(Records from a data source)
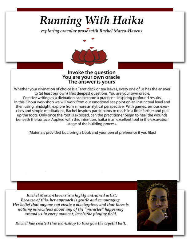 WORKSHOP Currently, there are no public workshops scheduled, see below for a description of Running With Haiku TO BOOK A WORKSHOP WITH RACHEL PLEASE EMAIL: isaac (at) haikuforthought.com Share this:Share Click to share on Pinterest (Opens in new window) Pinterest Click to share on Facebook (Opens in new window) Facebook Click to share on LinkedIn (Opens in new window) LinkedIn Click to share on X (Opens in new window) X Click to share on Tumblr (Opens in new window) Tumblr Like Loading...
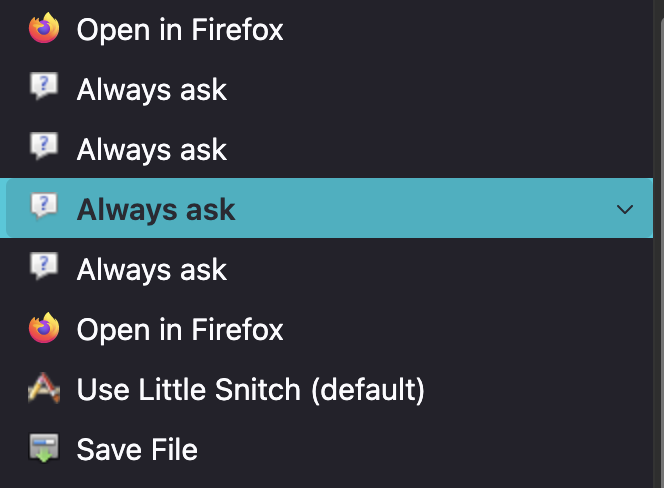 in Settings under "Applications" i had the "Do Nothing" options chosen for several file types, to prevent automatically getting kick to a different app every time i opened certain webpages (ie Telegram links). the "Always Ask" option is available but that also disrupts workflow with the popup box and no quick keyboard shortcut to dismiss it. i am about to downgrade i am so frustrated about this. i have several hundred pages to go through, and it should be as easy asopening the pasge and selecting text, but now each time the page opens, i'm forced to either switch apps or manually dismiss a popup.
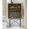 The Gallery Panelled 2-Door Cocktail Cabinet combines retro charm with modern design, featuring smoked oak veneer panelled doors, sleek black metal legs, and a versatile storage solution.
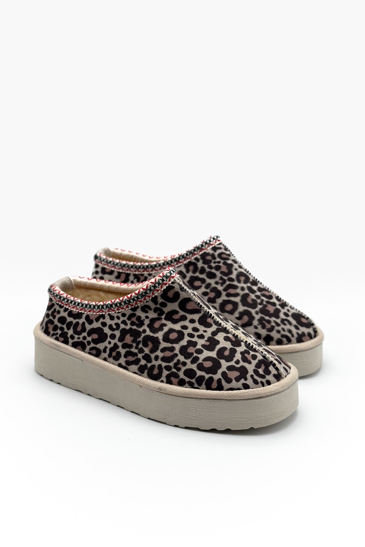 Shoebutik Beige Cookie Leopard Patterned Slippers features
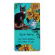 Ausdrucksstarke, skurrile Schwarzkatze, farbenfrohe Sonnenblumen und grüne Blätter in Gelb- und Türkisblau. Künstlerisches und lebendiges Original-Acrylgemälde auf Holzplatte von Bulgan Lumini (c)
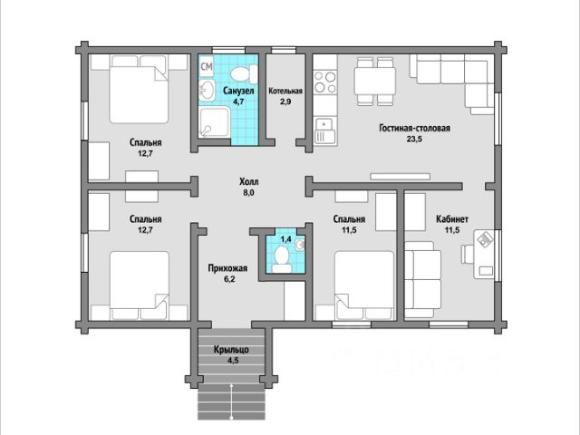 На 1-м этаже: котельная, просторная прихожая, совмещенный с/у, спальня и большая кухня-гостиная с выходом на веранду.
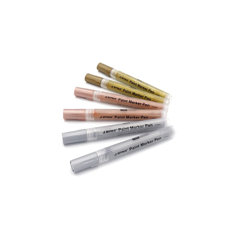 JEFFNIUB Gold Paint Pens with Silver Rose Gold Acrylic paint Pens for Rock Painting Wood Fabric Glass Canvas Scrapbooking Card DIY Metallic Acr
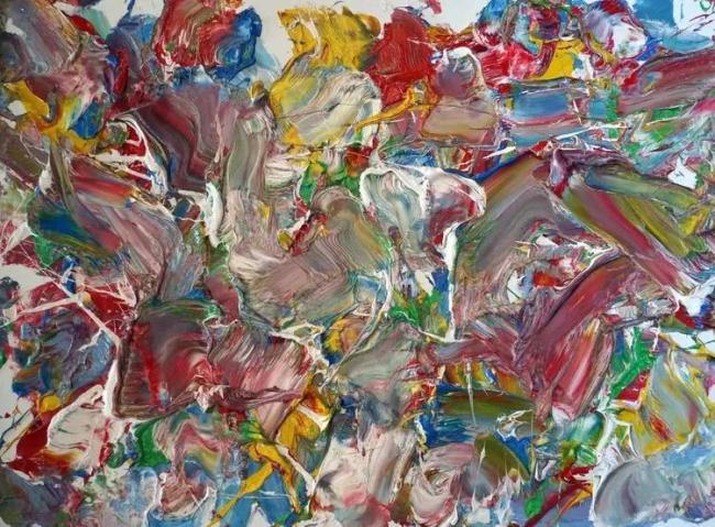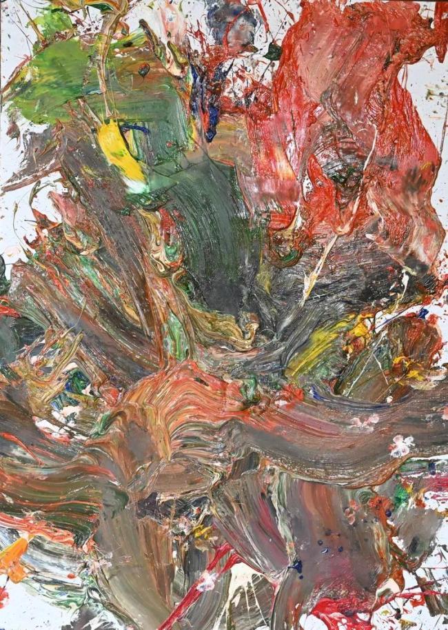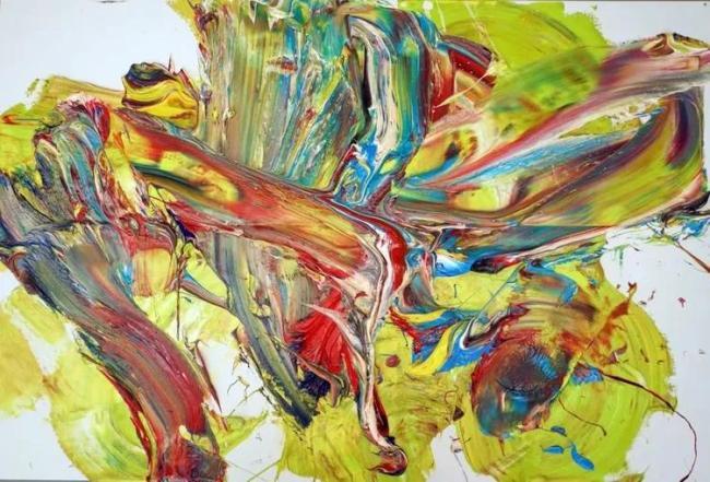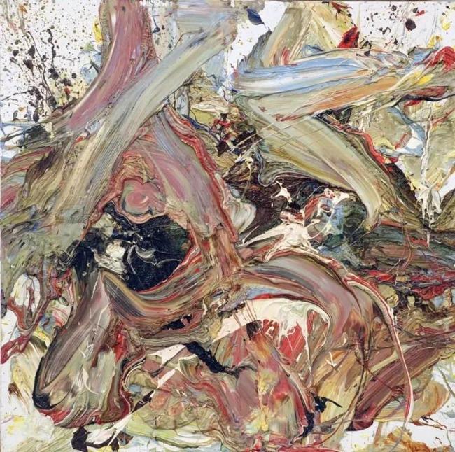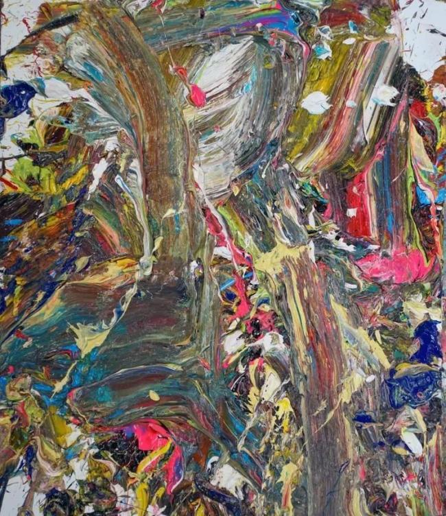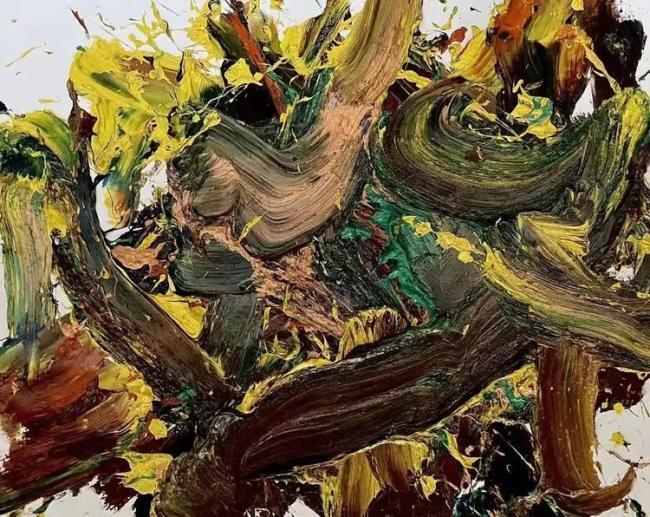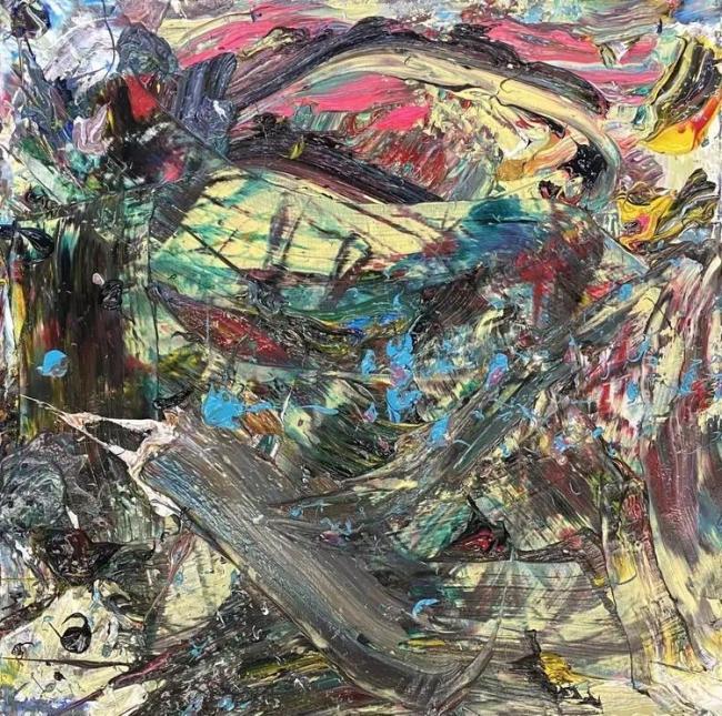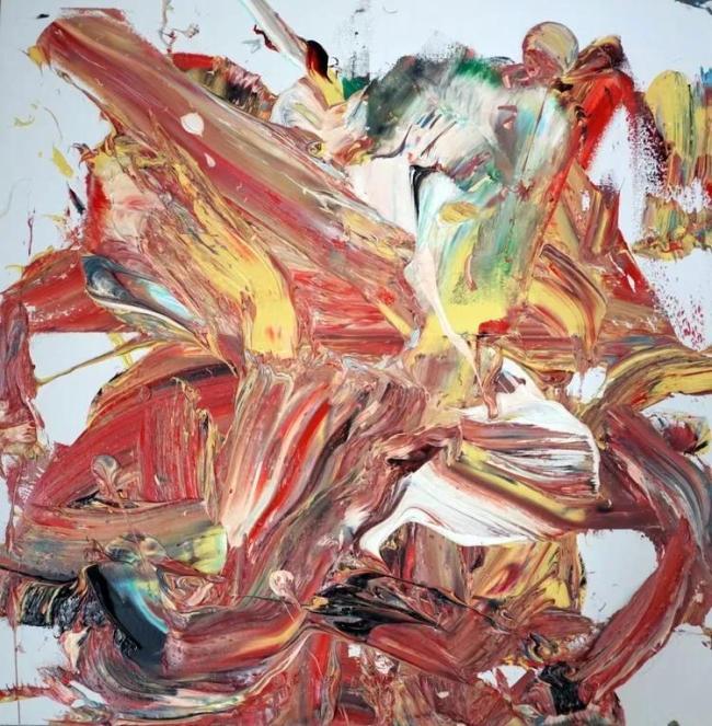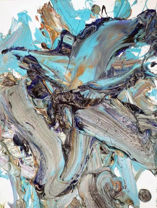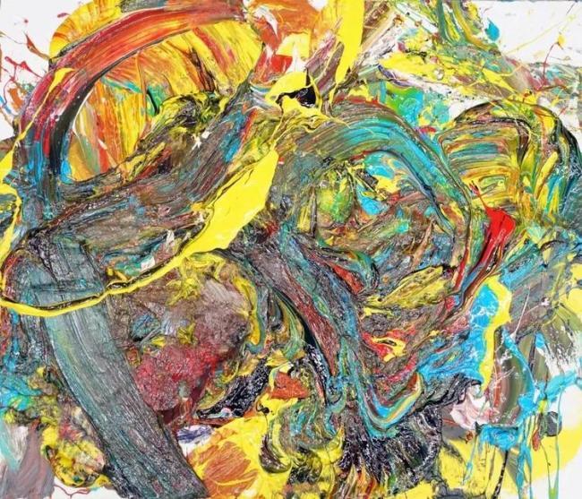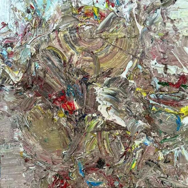 其作品以厚涂与刮刀技法为核心,颜料在画布上形成强烈的物质性与触感。色彩的碰撞与线条的缠绕,构成具有东方禅意的抽象图景,既延续了抽象表现主义的情感宣泄,又融入了中国水墨的气韵流动。这种跨文化的融合,使他的作品在国际语境中保持了鲜明的身份标识。

* [What the task asks]: Drop the pictures, then write out only the lines running from the one containing "The Gallery Panelled" through the last line above, both included, exactly.

* [Output of the exercise]:
 The Gallery Panelled 2-Door Cocktail Cabinet combines retro charm with modern design, featuring smoked oak veneer panelled doors, sleek black metal legs, and a versatile storage solution.
 Shoebutik Beige Cookie Leopard Patterned Slippers features
 Ausdrucksstarke, skurrile Schwarzkatze, farbenfrohe Sonnenblumen und grüne Blätter in Gelb- und Türkisblau. Künstlerisches und lebendiges Original-Acrylgemälde auf Holzplatte von Bulgan Lumini (c)
 На 1-м этаже: котельная, просторная прихожая, совмещенный с/у, спальня и большая кухня-гостиная с выходом на веранду.
 JEFFNIUB Gold Paint Pens with Silver Rose Gold Acrylic paint Pens for Rock Painting Wood Fabric Glass Canvas Scrapbooking Card DIY Metallic Acr
 其作品以厚涂与刮刀技法为核心,颜料在画布上形成强烈的物质性与触感。色彩的碰撞与线条的缠绕,构成具有东方禅意的抽象图景,既延续了抽象表现主义的情感宣泄,又融入了中国水墨的气韵流动。这种跨文化的融合,使他的作品在国际语境中保持了鲜明的身份标识。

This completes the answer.